■ Problem description ■
Please write out exactly the lines from the opening of the listing through the line that holds "係の企画で、なぞなぞや、なにが入っているでしょうゲームをしました。", including both, and nothing else; no pictures.

■ Dataset content ■
Segment Open
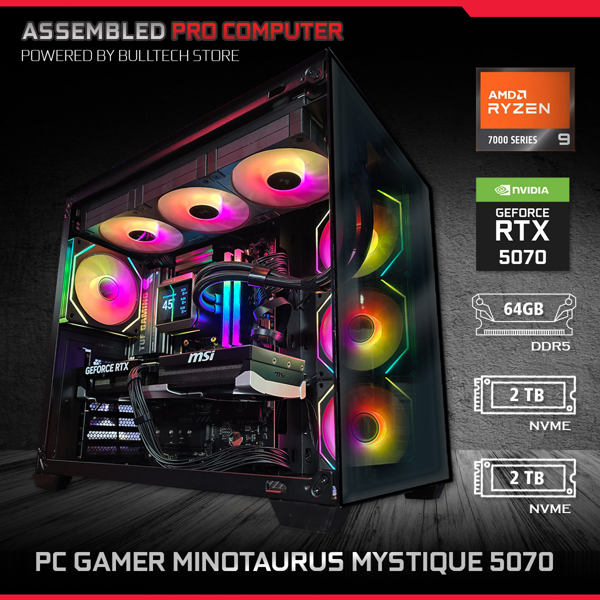El poder está en el hardware, en el corazón de tu computadora ASSEMBLED PRO COMPUTER. Nuestra “PC Gamer Minotaurus Mystique 5070” está construída con componentes de alto desempeño. Una computadora lista para las tareas más exigentes. Esta PC Gamer te ofrece un rendimiento superior, gráficos más detallados, personalización avanzada y la posibilidad de acceder a experiencias de juego exclusivas.
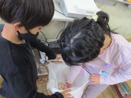 係の企画で、なぞなぞや、なにが入っているでしょうゲームをしました。
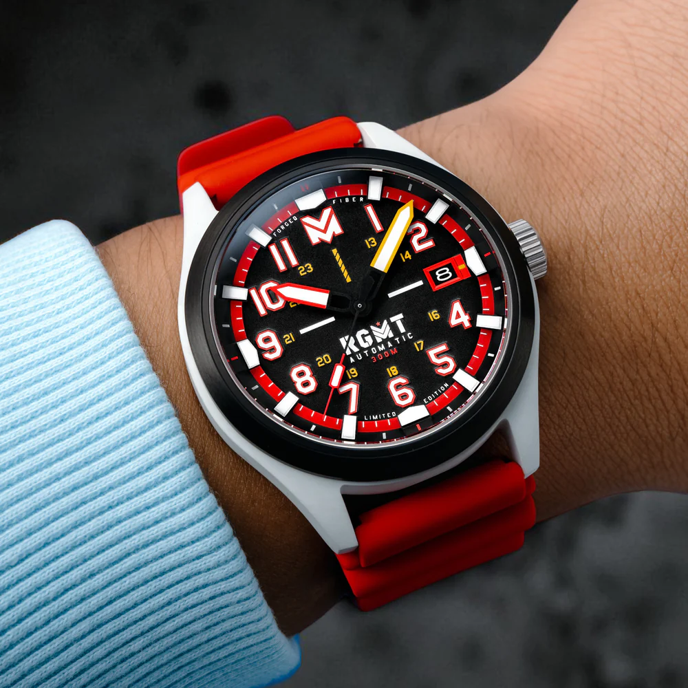 What immediately sets the Defender apart is its groundbreaking case material. Forged from carbon fibre, the 43mm case delivers a one-two punch of exceptional lightness and formidable strength. This is the sort of material you expect in aerospace or high-performance racing, and its application here results in a watch that feels impossibly light on the wrist yet is built to withstand the harshest conditions. But RGMT didn’t stop there.
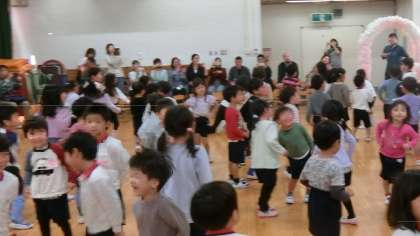 最後はみんなで「ワクワクあふれだす」のダンスをして、楽しい気持ちやお祝いの気持ちがいっぱいにあふれる誕生会になりました。
Segment Closed
■ Solved exercise ■
El poder está en el hardware, en el corazón de tu computadora ASSEMBLED PRO COMPUTER. Nuestra “PC Gamer Minotaurus Mystique 5070” está construída con componentes de alto desempeño. Una computadora lista para las tareas más exigentes. Esta PC Gamer te ofrece un rendimiento superior, gráficos más detallados, personalización avanzada y la posibilidad de acceder a experiencias de juego exclusivas.
 係の企画で、なぞなぞや、なにが入っているでしょうゲームをしました。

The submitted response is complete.